An interview was conducted on 8/31/16 at 3:00 PM with EI # 8, who confirmed the above mentioned findings.






5. PI # 4 was admitted on [DATE] with an admitting diagnoses of Schizoaffective disorder, bipolar type, currently severly depressed and psychosis.

Review of the Psychiatric Precaution Round Sheets dated 7/27/16 to 8/30/16 revealed printed on the top of the form the RN (Registered Nurse) must initial every 2 hours.

Review of all the Precaution Round Sheets revealed the RN failed to make round every 2 hours on both the day and the night shifts.

An interview was conducted on 8/31/16 at 3:00 PM with EI # 8, who confirmed the above mentioned findings.





6. PI # 8 was admitted on [DATE] with diagnoses including Multiple Substance Dependence and Substance Abuse Psychosis.

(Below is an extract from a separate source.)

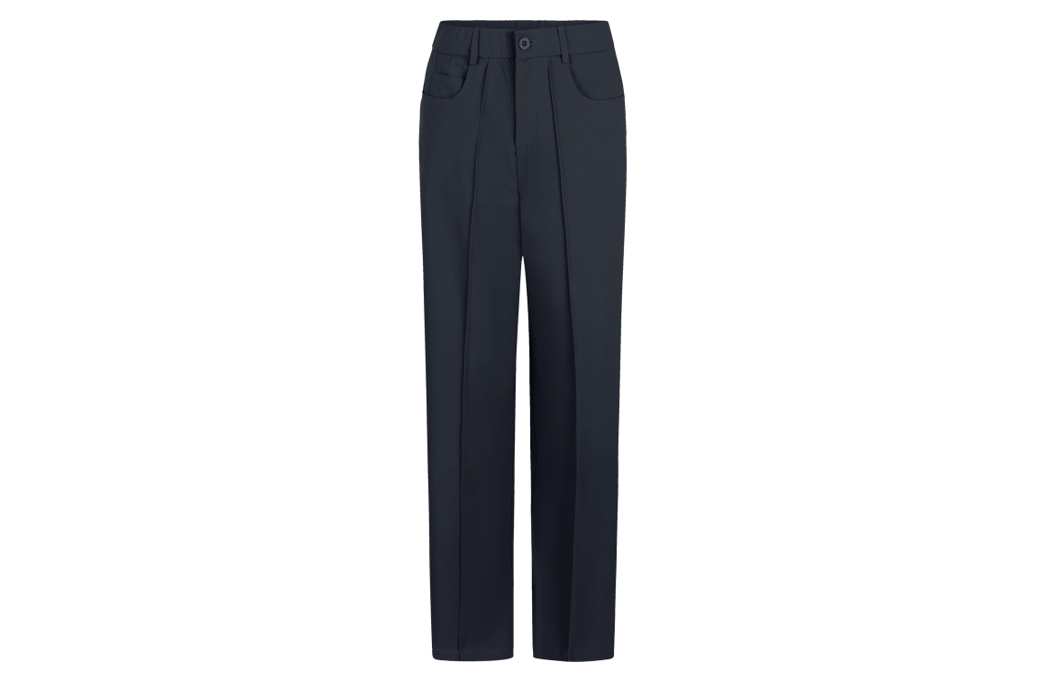 Zoso broek Beau. Dit wide leg model sluit door middel van een knoop en rits afgewerkt met ceintuurlussen. Deze donkerblauwe broek van Zoso is uitgevoerd in een 5-pocket model.

Review of the Psychiatric Precaution Round Sheets dated 8/15/16 to 8/30/16 revealed printed on the top of the form the RN must initial every 2 hours.

Review of all the Precaution Round Sheets revealed the RN failed to document rounds every 2 hours on both the day and the night shifts.

Further review of the Precaution Round Sheets revealed the signatures and initials were illegible at times and some of the initials did not include a signature and title.

An interview was conducted on 8/31/16 at 3:00 PM with EI # 8, who confirmed the above mentioned findings.

7. PI # 5 was admitted on [DATE] with diagnoses including Agitation, History of Dementia, History of Schizophrenia, and Mental Retardation.

Review of the Psychiatric Precaution Round Sheets dated 8/20/16 to 8/30/16 revealed printed on the top of the form the RN must initial every 2 hours.

Review of all the Precaution Round Sheets revealed the RN failed to document rounds every 2 hours on both the day and the night shifts.

Further review revealed Precaution Round Sheets with only 1 RN signature for the 24 hour period.

An interview was conducted on 8/31/16 at 3:00 PM with EI # 8, who confirmed the above mentioned findings.